━━━ Source material ━━━

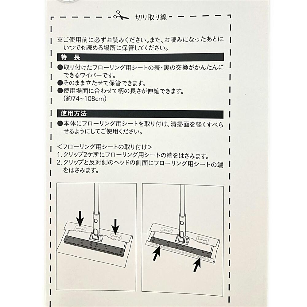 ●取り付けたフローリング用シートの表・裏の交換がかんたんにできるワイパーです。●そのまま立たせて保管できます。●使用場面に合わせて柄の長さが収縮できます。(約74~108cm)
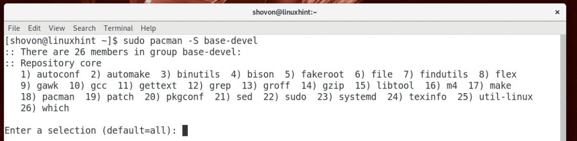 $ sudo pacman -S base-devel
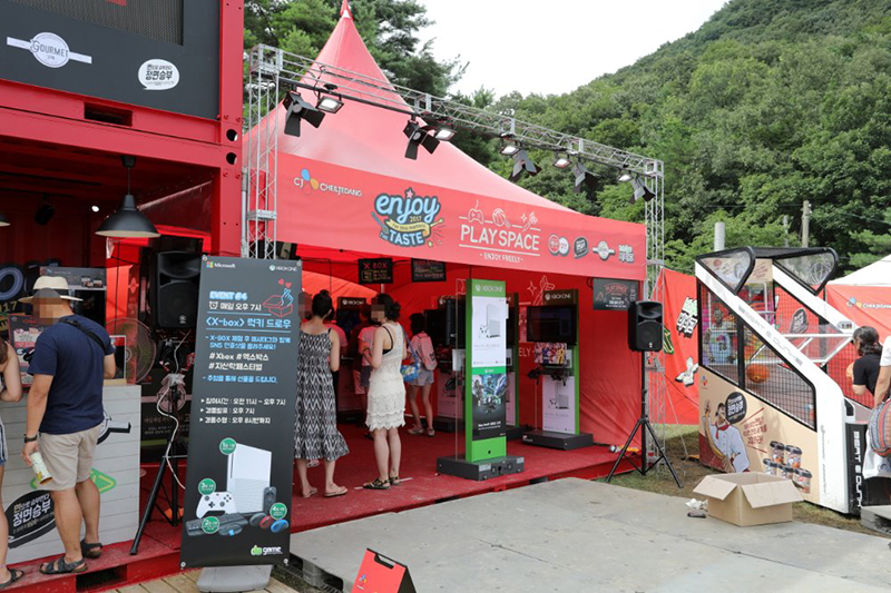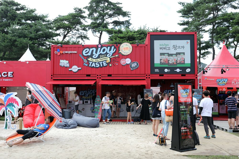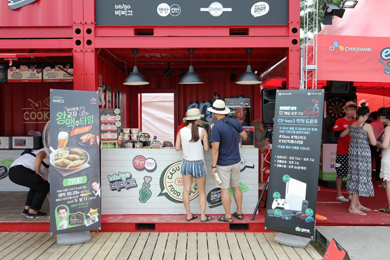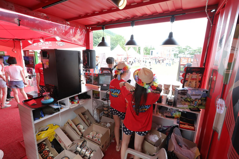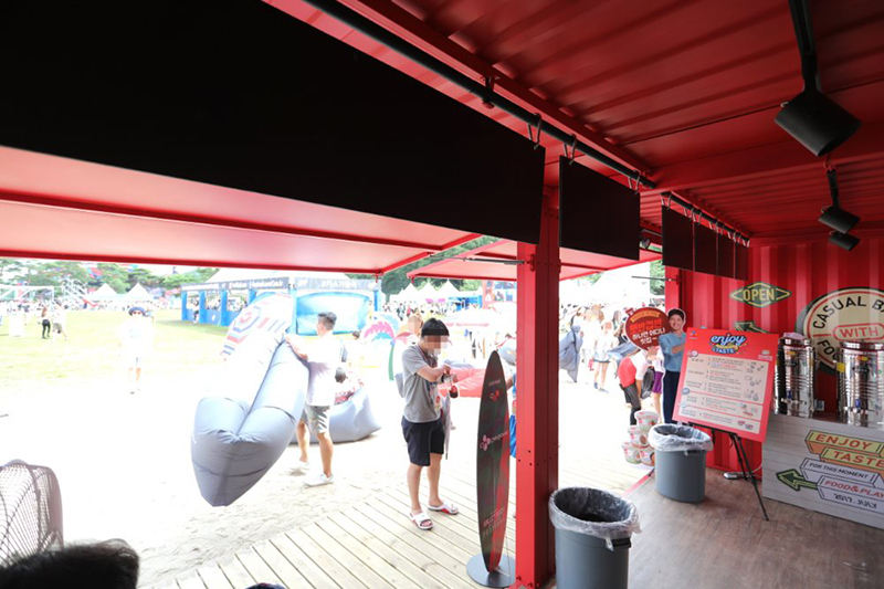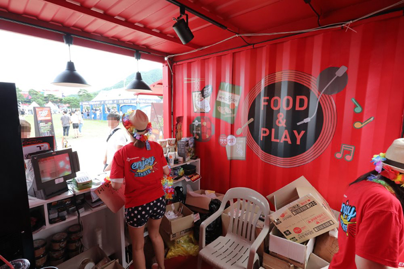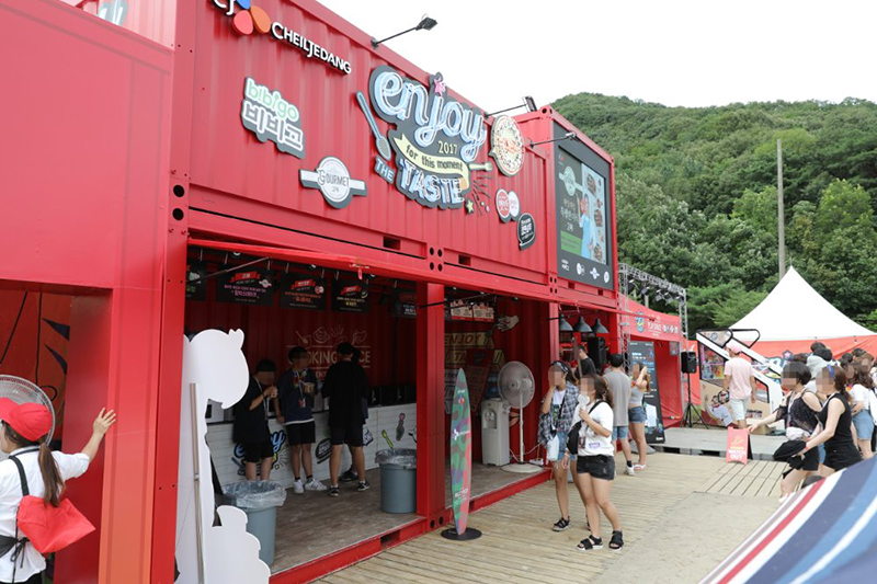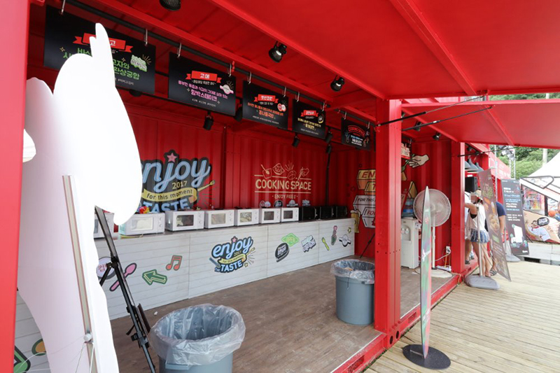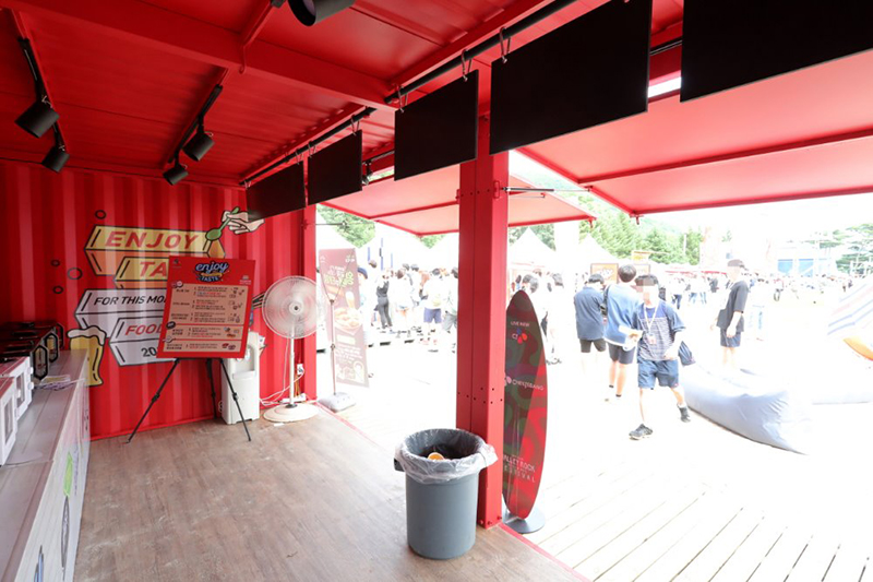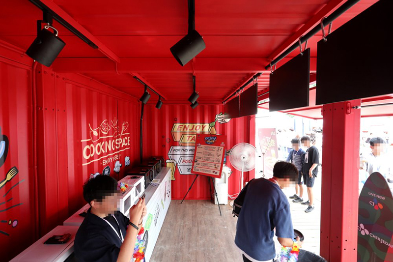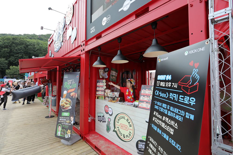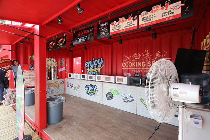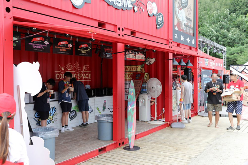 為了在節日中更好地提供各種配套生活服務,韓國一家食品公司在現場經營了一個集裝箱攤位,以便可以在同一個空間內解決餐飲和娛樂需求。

━━━

Make a word-for-word repeat of the material, skipping all pictures.

Task result:
 ●取り付けたフローリング用シートの表・裏の交換がかんたんにできるワイパーです。●そのまま立たせて保管できます。●使用場面に合わせて柄の長さが収縮できます。(約74~108cm)
 $ sudo pacman -S base-devel
 為了在節日中更好地提供各種配套生活服務,韓國一家食品公司在現場經營了一個集裝箱攤位,以便可以在同一個空間內解決餐飲和娛樂需求。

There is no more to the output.